Just add a spoon and your'e done!!

Reactions: Funny 6


----------



## antonherbst (22/11/17)

Last push on this thread. Thanks for the suggestions made so far.

Reactions: Like 1


----------



## Friep (22/11/17)

If the budget was a bit more I would look at the smok stick v8 with the big baby beast if I am not mistaken should have awsome flavour but think its almost double the budget and then the ijust s also good on flavour and the option with changing tanks is a plus but then one could look at the Pico range as well wich is one of the best starter kits available but then its way out of budget.

Reactions: Like 1


----------



## antonherbst (22/11/17)

Friep said:


> If the budget was a bit more I would look at the smok stick v8 with the big baby beast if I am not mistaken should have awsome flavour but think its almost double the budget and then the ijust s also good on flavour and the option with changing tanks is a plus but then one could look at the Pico range as well wich is one of the best starter kits available but then its way out of budget.



Looked at all those options and sofar i must say a budget vape mod that gives good flavor is not possible.
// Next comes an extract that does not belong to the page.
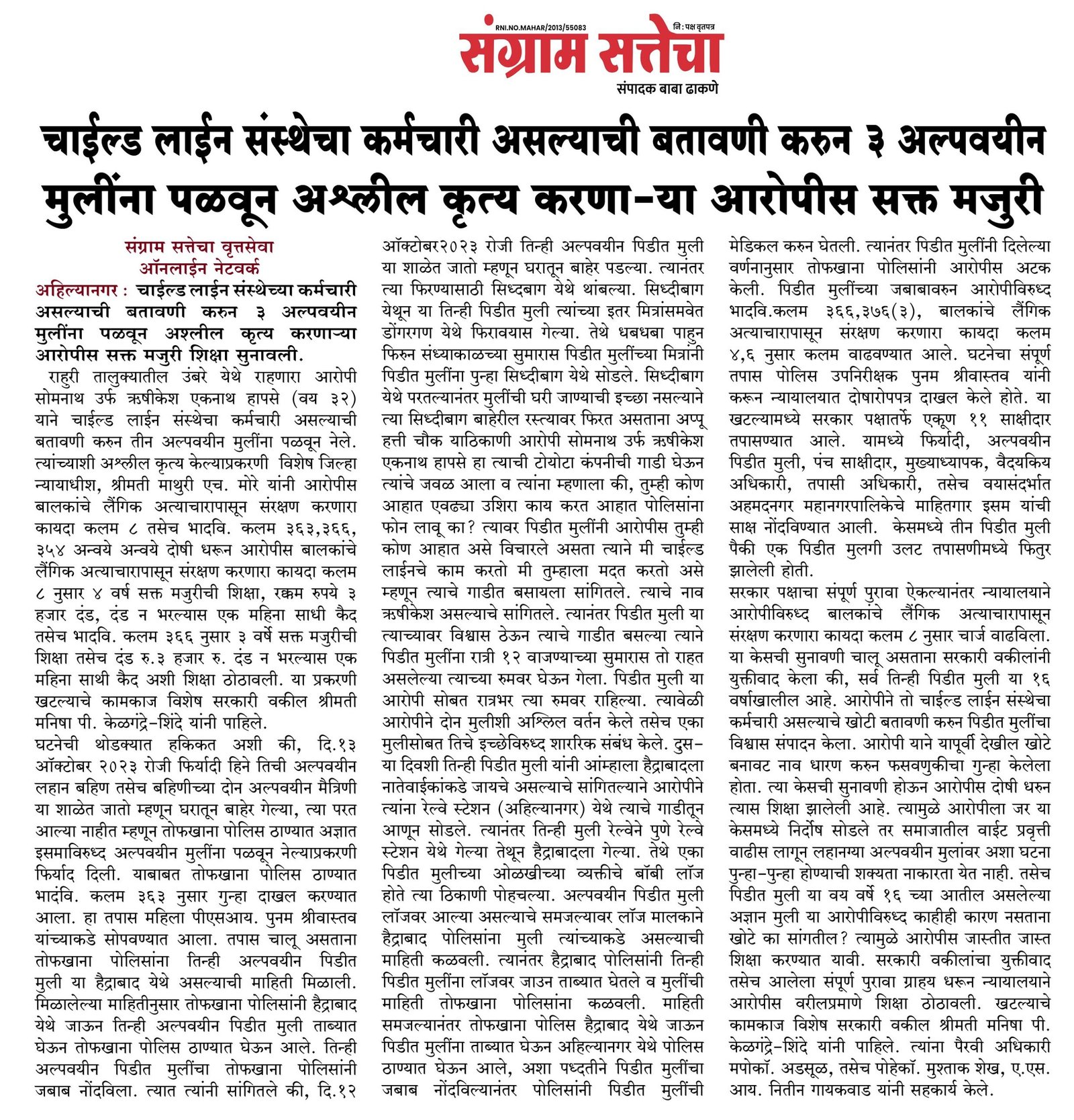 सरकार पक्षाचा संपूर्ण पुरावा ऐकल्यानंतर न्यायालयाने आरोपीविरुध्द बालकांचे लैंगिक अत्याचारापासून संरक्षण करणारा कायदा कलम 8 नुसार चार्ज वाढविला. या केसची सुनावणी चालू असताना सरकारी वकीलांनी युक्तीवाद केला की, सर्व तिन्ही पिडीत मुली या 16 वर्षाखालील आहे. आरोपीने तो चाईल्ड लाईन संस्थेचा कर्मचारी असल्याचे खोटी बतावणी करुन पिडीत मुलींचा विश्वास संपादन केला. आरोपी याने यापूर्वी देखील खोटे बनावट नाव धारण करुन फसवणुकीचा गुन्हा केलेला होता. त्या केसची सुनावणी होऊन आरोपीस दोषी धरुन त्यास शिक्षा झालेली आहे. त्यामुळे आरोपीला जर या केसमध्ये निर्दोष सोडले तर समाजातील वाईट प्रवृत्ती वाढीस लागून लहानग्या अल्पवयीन मुलांवर अशा घटना पुन्हा-पुन्हा होण्याची शक्यता नाकारता येत नाही. तसेच पिडीत मुली या वय वर्षे 16 च्या आतील असलेल्या अज्ञान मुली या आरोपीविरुध्द काहीही कारण नसताना खोटे का सांगतील? त्यामुळे आरोपीस जास्तीत जास्त शिक्षा करण्यात यावी. सरकारी वकीलांचा युक्तीवाद तसेच आलेला संपूर्ण पुरावा ग्राहय धरून न्यायालयाने आरोपीस वरीलप्रमाणे शिक्षा ठोठावली. खटल्याचे कामकाज विशेष सरकारी वकील श्रीमती मनिषा पी. केळगंद्रे-शिंदे यांनी पाहिले. त्यांना पैरवी अधिकारी मपोकॉ. अडसूळ, तसेच पोहेकॉ. मुश्ताक शेख, ए.एस.आय. नितीन गायकवाड यांनी सहकार्य केले.

Sacrifices has to be made.

Reactions: Agree 2


----------



## craigb (22/11/17)

antonherbst said:


> Sacrifices has to be made.



So true, but the eGo AIO is what got me off the stinkies. Flavour is nowhere near as good as with a proper R(T/D/DT)A or tank, but they are pretty good, you pick up the main notes, but don't get any of the nuance in most juices.

Reactions: Like 2


----------



## Friep (22/11/17)

The aio is the best bet for the budget. It's a surprisingly good vape with the 0.3 dc coils my brother inlaw enjoys his but hasn't fully converted yet.

Reactions: Like 1 | Dislike 1


----------



## Downtown Vapoury (22/11/17)

Vapepen 22 will do the job and its only R 400.00

Reactions: Like 2 | Informative 1


----------